Means hooks.log didn’t grow — either LOG_HOOKS=false or ~/.agentihooks/logs/ is read-only
Fix: mkdir -p ~/.agentihooks/logs && echo > ~/.agentihooks/logs/hooks.log

Telemetry is blocking hook execution

Should not happen (telemetry is fail-silent) but if it does: set OTEL_HOOKS_ENABLED=false
The file log keeps working independently of the OTLP fan-out

Files

Layer	Path
1	`~/.claude/settings.json` (env block)
2	`agentihooks/hooks/telemetry.py`
2	`agentihooks/hooks/context/brain_adapter.py:151`
2	`agentihooks/hooks/context/brain_writer_hook.py:168`
2	`agentihooks/hooks/context/broadcast.py:500`
3	`agentihooks/hooks/common.py:102` (`log()` fan-out)
4	`<your-platform-repo>/stacks/observability/otelcol.yaml` (Docker collector)
4	`<your-platform-repo>/k8s/charts/otel-collector/values-{dev,prod}.yaml` (K8s collector)
4	`<your-platform-repo>/k8s/charts/otel-collector/templates/external-secret.yaml`
5	`<your-platform-repo>/stacks/observability/provisioning/dashboards/<your-dashboard>/brain-health.json` (4 new panels, ids 101-104)
5	`agentihooks/scripts/brain-smoke`
5	`agentihooks/.github/workflows/brain-smoke.yml`
5	`<your-platform-repo>/.claude/skills/brain-smoke/SKILL.md`

One-time setup

Restart your Claude Code session so the new settings.json env vars take effect.
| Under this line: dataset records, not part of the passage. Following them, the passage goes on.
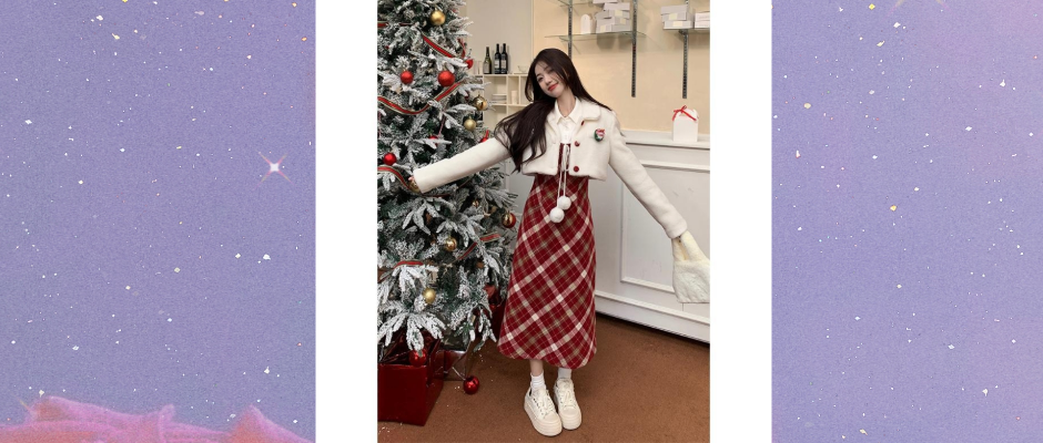 圣诞公主风时尚套装女秋冬2023新款短款羊羔毛外套格子毛呢连衣裙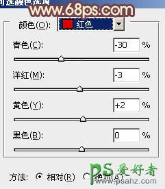 8、创建可选颜色调整图层,对红,蓝进行调整,参数设置如图15,16,效果如图17。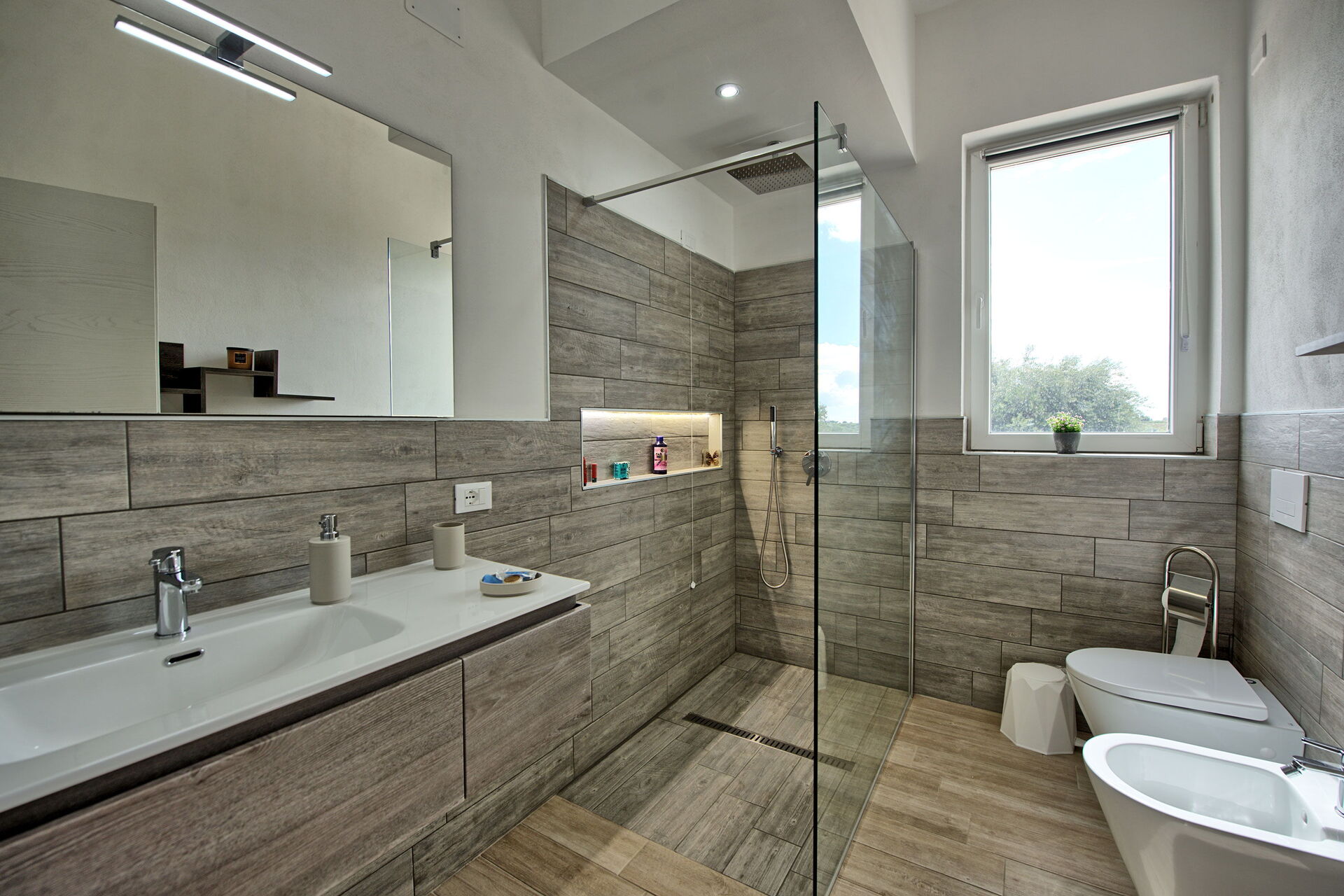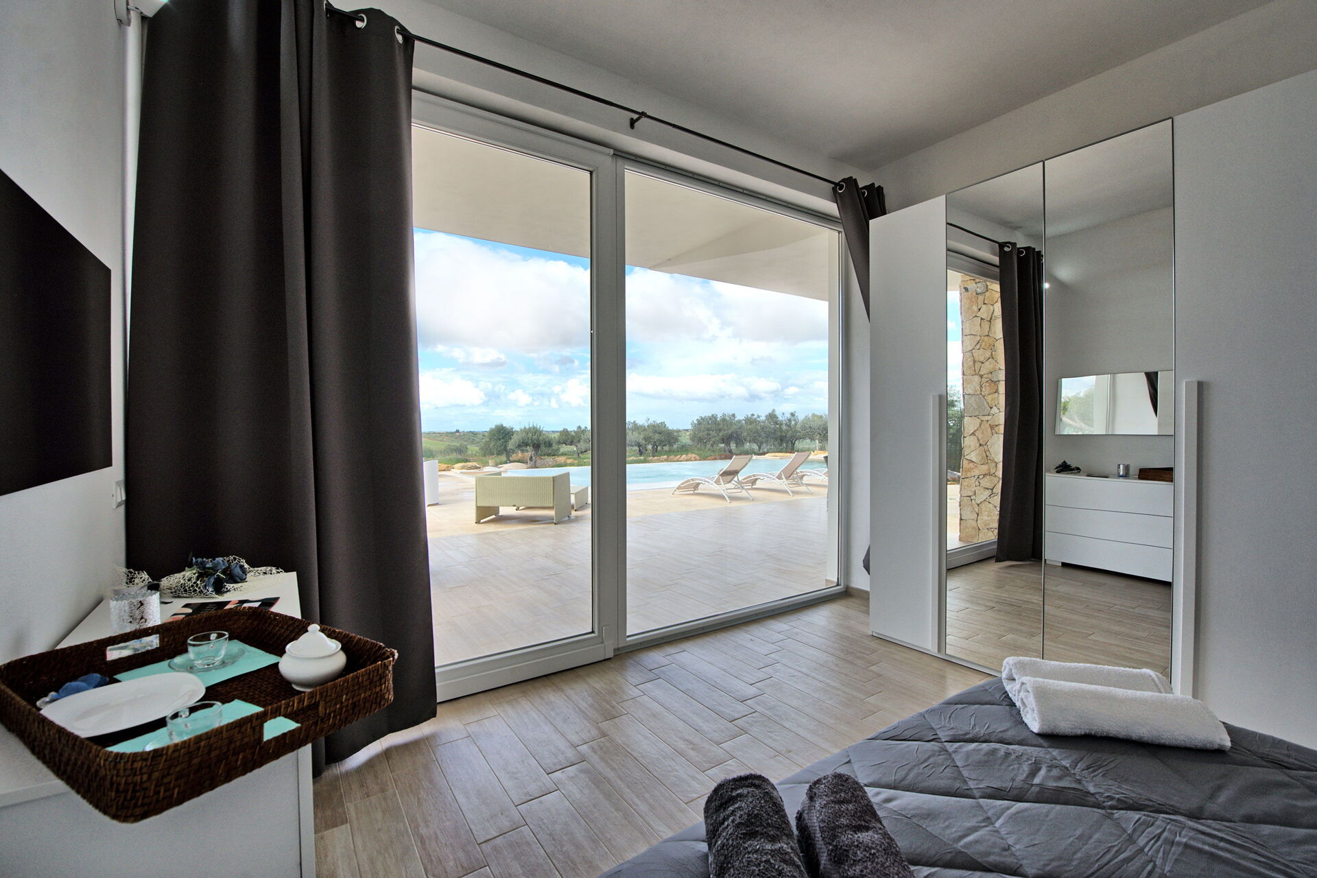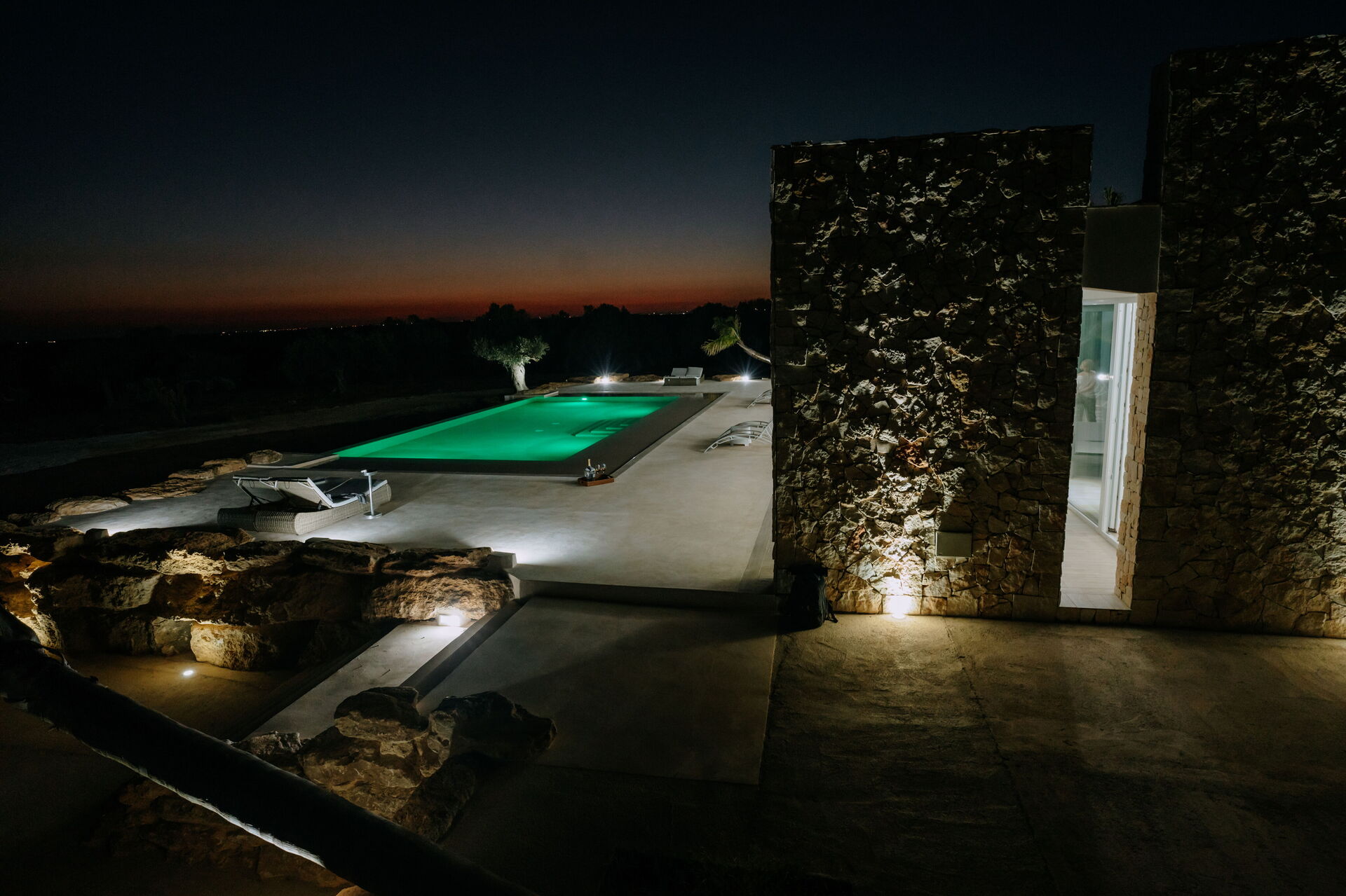 Villa Infinito propose des intérieurs accueillants et lumineux, décorés avec goût et conçus pour répondre aux exigences de la vie contemporaine. De grandes baies vitrées permettent de profiter, même depuis l'intérieur, d'une vue fantastique sur la campagne, la mer et sur les superbes couchers de soleil.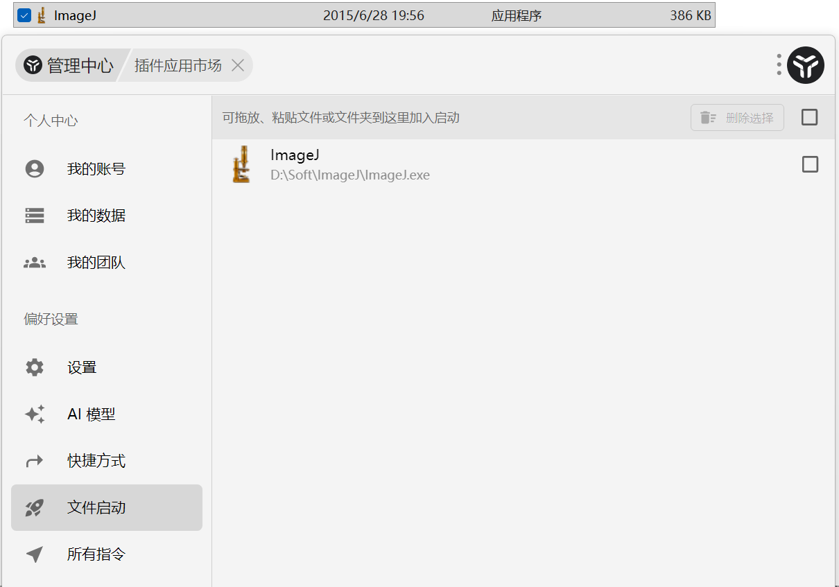 默认通过alt + space组合键唤起uTools窗口(确保已经运行uTools) → 拖拽ImageJ.exe到uTools窗口的搜索区 → 回车即可添加ImageJ到uTools启动列表。

Populate your secret store (optional, for K8s pod telemetry to reach Langfuse) with these keys at whatever path your collector overlay references:

CLICKHOUSE_USER=default
CLICKHOUSE_PASSWORD=<password>
LANGFUSE_OTEL_ENDPOINT=<your-langfuse-host>/api/public/otel
LANGFUSE_OTEL_AUTH=<base64 of pk:sk>

Sync the collector deployment (ArgoCD, Flux, or helm upgrade) to pick up the new exporter config.